- _What you need to do_: Working from the top of the listing below, retype each line through the line containing "Чоловічий кварцовий годинник", both included, with no pictures.
Top of Data below
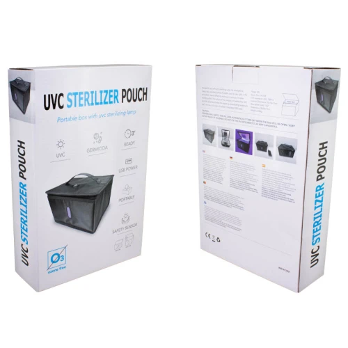 Ahora podrás transportar tus objetos personales en un ambiente esterilizado, eliminando bacterias y virus en sólo 3 minutos!! Este Necessaire plegable con interior aislante plateado, activa rayos ultravioleta UVC, que, en conjunto con sus rayos UVA, eliminan el 99% de las bacterias y virus que habitan en tus objetos, destruyendo su ADN y eliminando su capacidad de reproducción. Contiene G-Sensor, para evitar contacto de luz UVC con los ojos. Contiene Manual de Instrucciones de uso en español.+
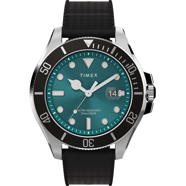 Чоловічий кварцовий годинник Timex HARBORSIDE Coast Tx2v91700 - модель з обертовим безелем на чорному ремінці із синтетичного каучуку. Спортивна модель з великою індикацією та обертовим безелем в стилі дайверських годинників. Завдяки водонепроникності 100 метрів ви можете впевнено носити його за будь-якої погоди.
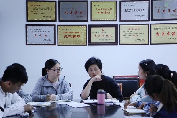 最后,崔晓霞代表学院感谢学生代表们的积极思考、建言献策。她很欣慰临床学子们不是“两耳不闻窗外事,一心只读圣贤书”,能够主动关注十九大召开、脱贫攻坚和医改政策等社会热点,积极关心学校和学院的发展建设,充分体现了当代大学生的时代感与使命感。同时,她也引导同学们学会用辩证发展的眼光分析问题、解决问题,变被动为主动,努力提升适应能力、培养创造性思维。学院将会把同学们的意见、建议梳理上报,师生共同努力,用实际行动助力学校发展,献礼党的十九大。
Bottom of Data below
- _Output of the exercise_:
 Ahora podrás transportar tus objetos personales en un ambiente esterilizado, eliminando bacterias y virus en sólo 3 minutos!! Este Necessaire plegable con interior aislante plateado, activa rayos ultravioleta UVC, que, en conjunto con sus rayos UVA, eliminan el 99% de las bacterias y virus que habitan en tus objetos, destruyendo su ADN y eliminando su capacidad de reproducción. Contiene G-Sensor, para evitar contacto de luz UVC con los ojos. Contiene Manual de Instrucciones de uso en español.+
 Чоловічий кварцовий годинник Timex HARBORSIDE Coast Tx2v91700 - модель з обертовим безелем на чорному ремінці із синтетичного каучуку. Спортивна модель з великою індикацією та обертовим безелем в стилі дайверських годинників. Завдяки водонепроникності 100 метрів ви можете впевнено носити його за будь-якої погоди.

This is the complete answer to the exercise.